Under conference rules, House conferees can propose changes to the regulatory reform bill, which the Senate members can accept, reject, or propose a counteroffer. Once both sides agree, the final reform legislation must still be passed by the full House and Senate.

Conferees also debated whether to require large banks to prepay into a fund that could be used to help unwind a systemically important bank.

As expected, Senate conferees rejected a House effort to create a $150 billion fund. During debate on its version of the bill, the Senate scrapped a proposed $50 billion fund after Republicans argued it would effectively be a permanent "bailout" fund.

Dodd noted that 93 senators had voted to remove the fund from its version of the bill, and could not agree to restore it.

"Colleagues on both the Democratic and Republican side - although mostly on the Republican side… objected to the ex-ante fund as part of the Shelby-Dodd agreement," Dodd said. "We cannot accept the House offer because we cannot undo one of most critical agreements that passed 93 to 5 on the floor of the Senate."

But Rep. Luis Gutierrez, D-Ill., the author of the fund in the House bill, said that GOP claims made no sense.

A bailout fund "does not exist," he said. "You cannot find it in here. … This is a funeral fund. This is a dissolution fund."
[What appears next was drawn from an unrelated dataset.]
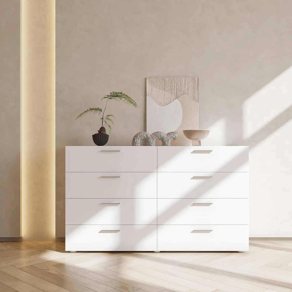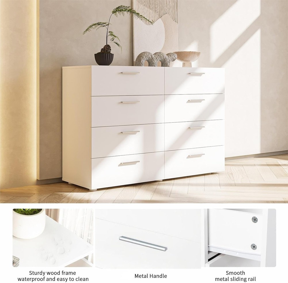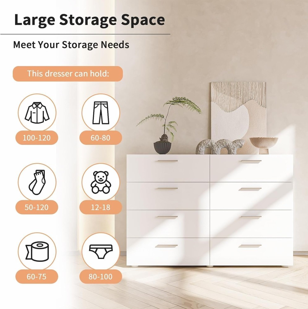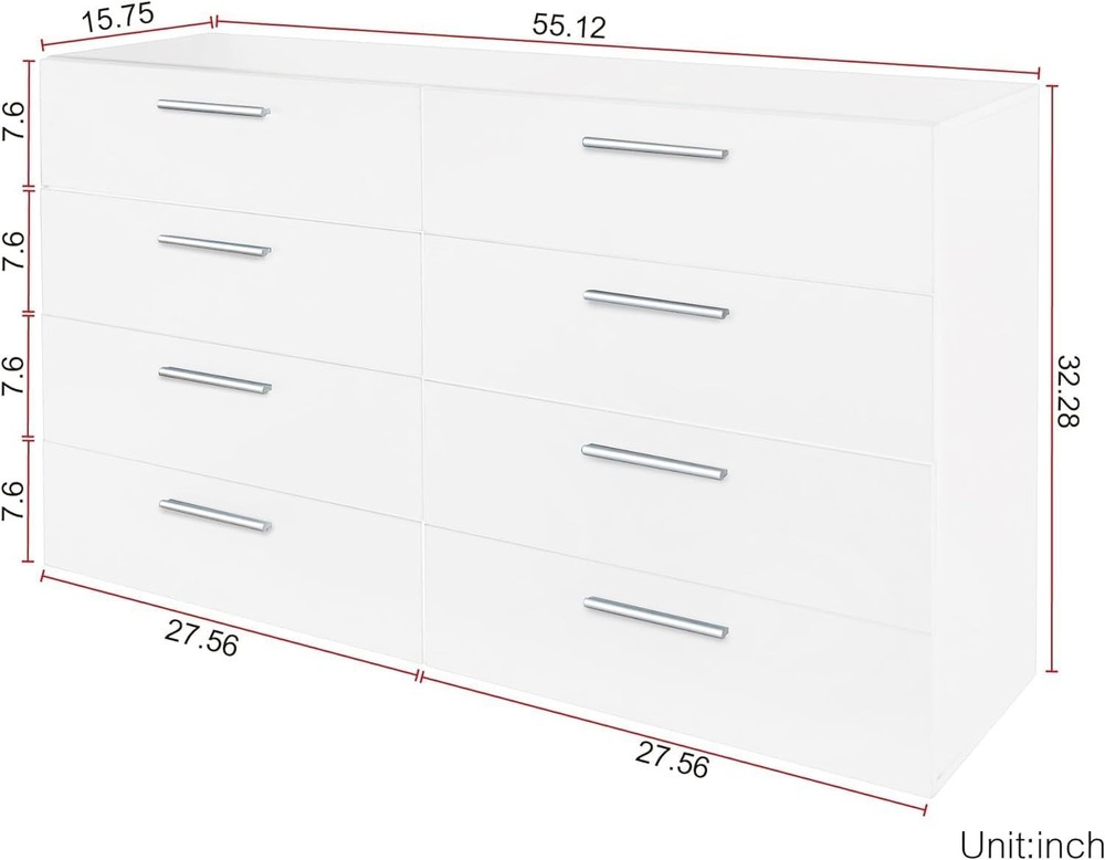 Product Description White Dresser for Bedroom, 8 Drawer Dresser,Chest of Drawers & Dresser,Dresser Bedroom Funiture,Modern Wood Dresser About this item 【White Dresser for Bedroom】 Modern white dresser has 8 spacious storage drawers, which can store your clothes, toys, books, or any other personal items, making it easier for you to sort and store clutter! spacious tabletop is perfect to place frequently used items, keeping them in your reach. Overall dimensions : 55.1" (W) x 15.7" (D) x 28" (H). 【Perfect Combination of TV Stand and Dresser】This chest of drawers can be combined with your wall-mounted TV as an entertainment center. The 8 large drawers are great to display CDs, DVDs, game controllers, etc. Get this dresser home to store items, hold your entertainment center keep clean and tidy! 【High Quality 8 Drawer Dresser】Crafted with 15mm E1 grade particleboard ,the sturdy wood frame offers stable support for all drawers.The finish is glossy and looks attractive ,the waterproof surface is convenient for cleaning and maintenance. 【Large Storage Space】The chest of drawers for bedroom completes with 8big drawers,large top surface for additional storage, so lingerie, blankets, as well as clothes of your family members can be stored well. The wood table top is designed for simple storage, placing glasses, alarm clocks, table lamps, magazines, books, and even skin care products. 【Perfect For Your Home Decor】Simple and practical style,this large dresser is suitable for bedroom, living room, guest room, closet, hallway, entryway, small apartment, and so on. This chest of drawers can be used as dressers for bedroom and also be used as a TV stand for living room. More use scenarios waiting for you to explore. 【Easy to Assemble, Clear Instruction】All parts and accessories are numbered, and each step of the installation has instructions, easy to understand and to assemble. In addition, if you have any product problems, please contact us in time, all problems will be solved within 24 hours. On Aug 6, 2025 at 23:07:35 PDT, seller added the following information:
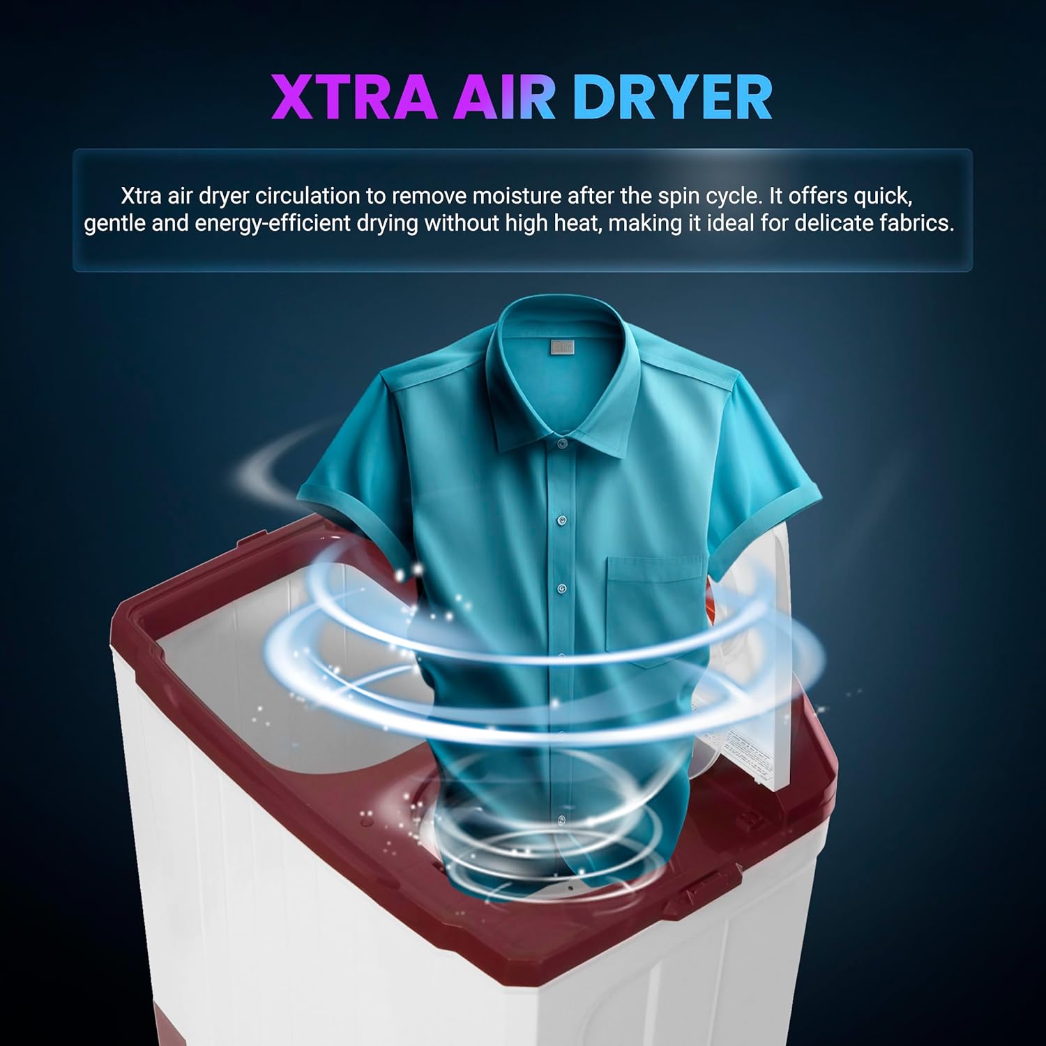 Semi-automatic washing Machine: Economical, Low water and energy consumption, involves manual effort; Has both washing and drying functions

Rep. Maxine Waters, D-Calif., questioned Republicans' logic, noting that the Senate bill would force the FDIC to borrow from the Treasury Department to unwind a large institution.
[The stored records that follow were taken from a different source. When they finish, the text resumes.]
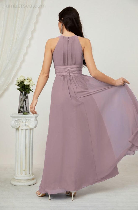 Sunnderly Formales Partykleid Chiffon Neckholder Lange Ärmellose Brautjungfernkleider SY2802
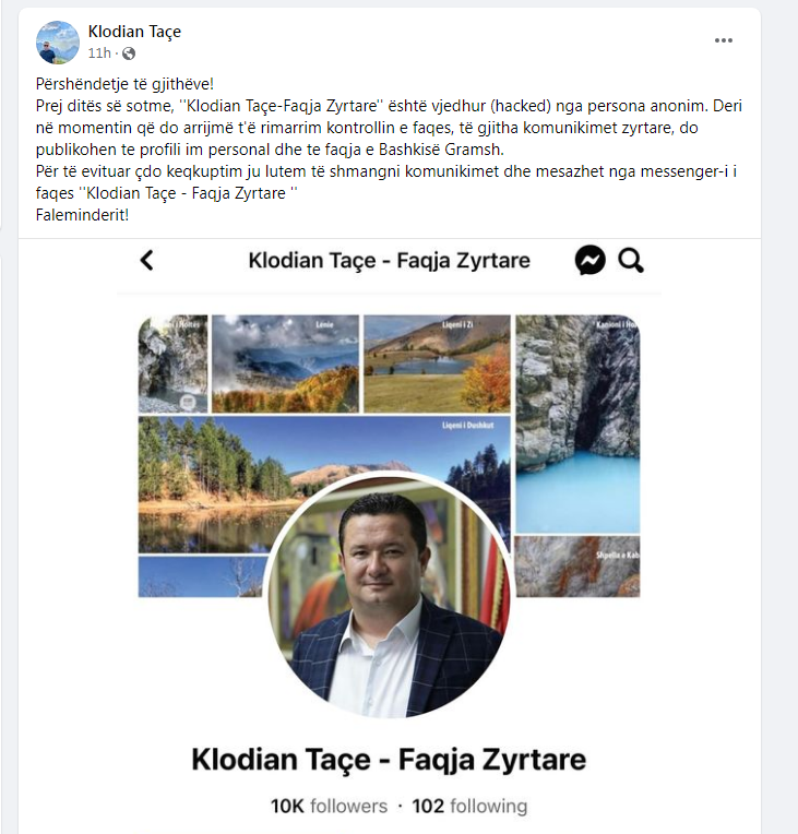 Prej ditës së sotme, ‘Klodian Taçe-Faqja Zyrtare’ është vjedhur (hacked) nga persona anonim. Deri në momentin që do arrijmë të rimarrim kontrollin e faqes, të gjitha komunikimet zyrtare, do publikohen te profili im personal dhe te faqja e Bashkisë Gramsh. Për të evituar çdo keqkuptim ju lutem të shmangni komunikimet dhe mesazhet nga messenger-i i faqes ‘Klodian Taçe – Faqja Zyrtare’.”– shkruan kryebashkiaku Taçe.
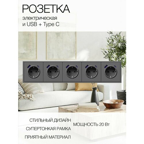 Пятерная электрическая розетка со встроенной зарядкой USB серого цвета. Это готовый комплект для установки, докупать ничего не нужно. Устанавливается в пятерной стандартный круглый подрозетник. – Стильная тонкая рамка шириной 4мм отлично впишется в любой интерьер. Размеры 360 на 80 мм. Выпирает от стены всего на 10 мм. Матовое soft-touch покрытие, которого хочется касаться. – Блок электрической розетки с USB зарядкой. Универсальная розетка на 16А с дополнительными разъемами USB для зарядки телефонов. Два разъема для зарядки гаджетов: Популярный USB-A и современный USB-C, подойдет любой провод. Мощность зарядки 20Вт. Зарядит Iphone 15 с 0 до 100 % примерно за 1 час. Поддерживает протоколы быстрой зарядки. Другие розетки и выключатели также есть в наличии в нашем магазине.
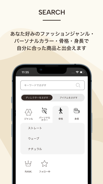 ファッションジャンル、パーソナルカラー、骨格、身長での検索が可能なため、
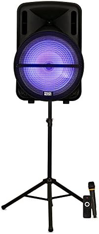 BATTERY POWERED BLUETOOTH SPEAKER – Stream music from your phone to the built in Bluetooth receiver, integrated battery powered amp with 600 watts system power, multi-colored LED woofer flashing light display with ON/OFF switch
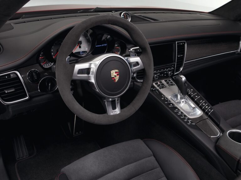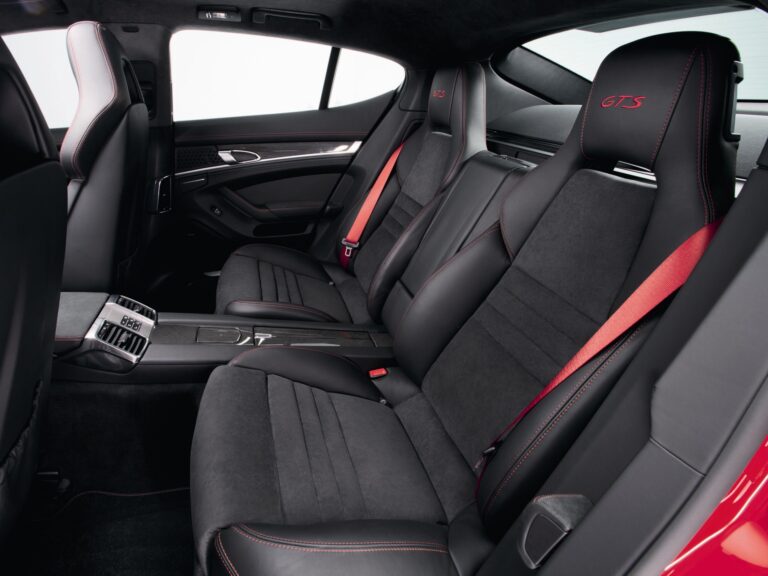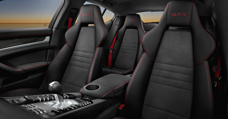 Sportowa osobowość Panamery wyraża się w całym wnętrzu, gdzie kierowca i pasażerowie siedzą w atmosferze z skóry i Alcantary w wyborze pięciu kolorów wnętrza. Środkowe panele standardowo dostępnych adaptacyjnych sportowych foteli z 18-stopniową regulacją, górne części podłokietników drzwi oraz podłokietnika centralnej konsoli i podsufitki są wykonane z Alcantary. Sportowe koło kierownicy z łopatkami do zmiany biegów i 12-godzinnymi oznaczeniami na obręczy koła kierownicy łączy dynamiczny wygląd i sportową funkcjonalność. Można je również okryć czarną Alcantarą, jeśli zajdzie taka potrzeba. Aby zapewnić wyraźne rozróżnienie, przednie stalowe osłony progowe są ozdobione napisem „Panamera GTS”. Napisy „GTS” można również spotkać w zestawie wskaźników i na haftowanych zagłówkach, co czyni purystyczne Porsche Panamera GTS po prostu nie do pomylenia.
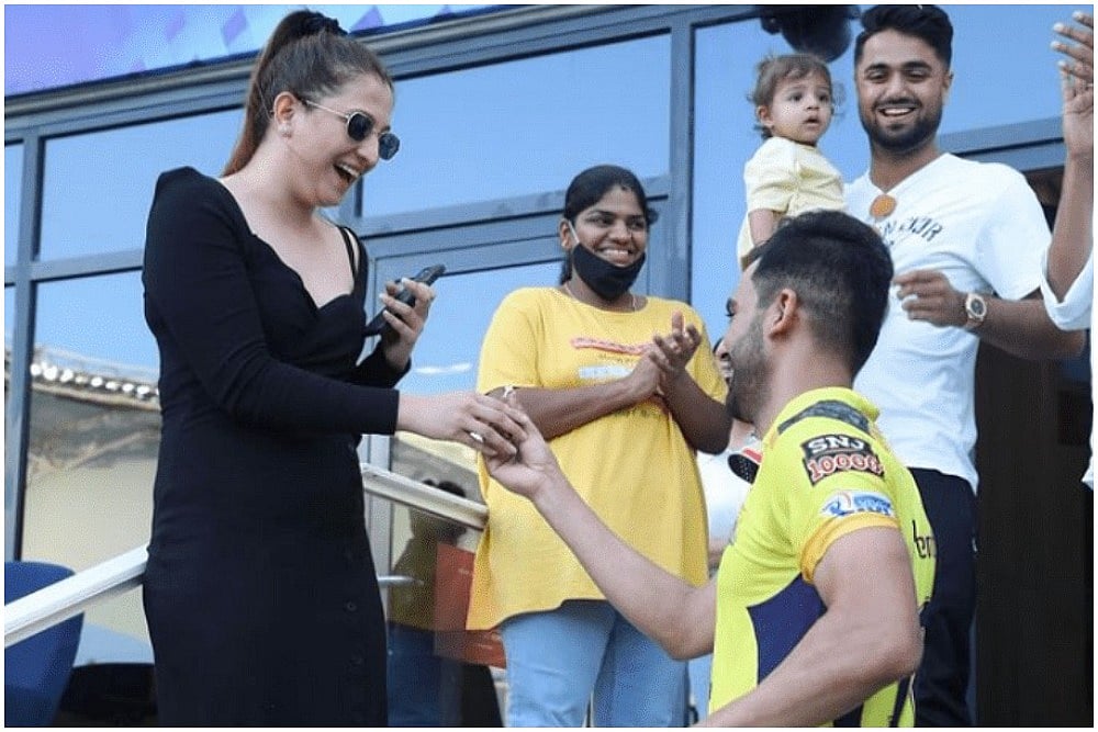 After CSK lost against Punjab Kings in an IPL 2021 encounter on Thursday, Deepak Chahar took everyone present at the stadium by surprise when he took out a ring from his pocket and went down on his knees to propose to girlfriend Jaya Bhardwaj at the VIP pavilion.
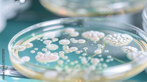 Close-up of microscope slide revealing intricate fungal spores, essential for research on fungal diseases and microbiology studies.

"Why my Republican colleagues in the Senate held up the bill because of the prefund is beyond me," she said. "Why a prefund from the industry is a taxpayer bailout but a line of credit from Treasury is not is also a mystery."

The debate came as the committee also finished dealing with issues left over from Wednesday's marathon session.

Sen. Jack Reed, D-R.I., lost his battle to force the head of the Federal Reserve Bank of New York to be appointed by the president and confirmed by the Senate.

Frank also said that the House would agree to drop a proposal to require the Fed to certify a 99% degree of confidence that its emergency loans made under its 13(3) authority would be repaid in full.

Sen. Bob Corker, R-Tenn., also succeeded in adding language to the Senate offer that would require the systemic risk council to take accounting and insurance issues into consideration when making recommendations on financial stability.

The American Bankers Association and other banking groups have argued that mark to market accounting rules contributed to the crisis and should be included in the analysis of systemic risk.

Corker also succeeded in adding a study to the Senate offer related to the Collins amendment that would require the comptroller general to study the use of different hybrid capital instruments on the banking system, specifically including the disallowance of trust preferred securities.

Frank said the House planned to respond to the Senate's offer on systemic risk, resolution and capital on Tuesday. That day was already likely to be highly charged, as conferees are scheduled to also address other controversial issues such as interchange fee regulation, consumer protection, and risk retention.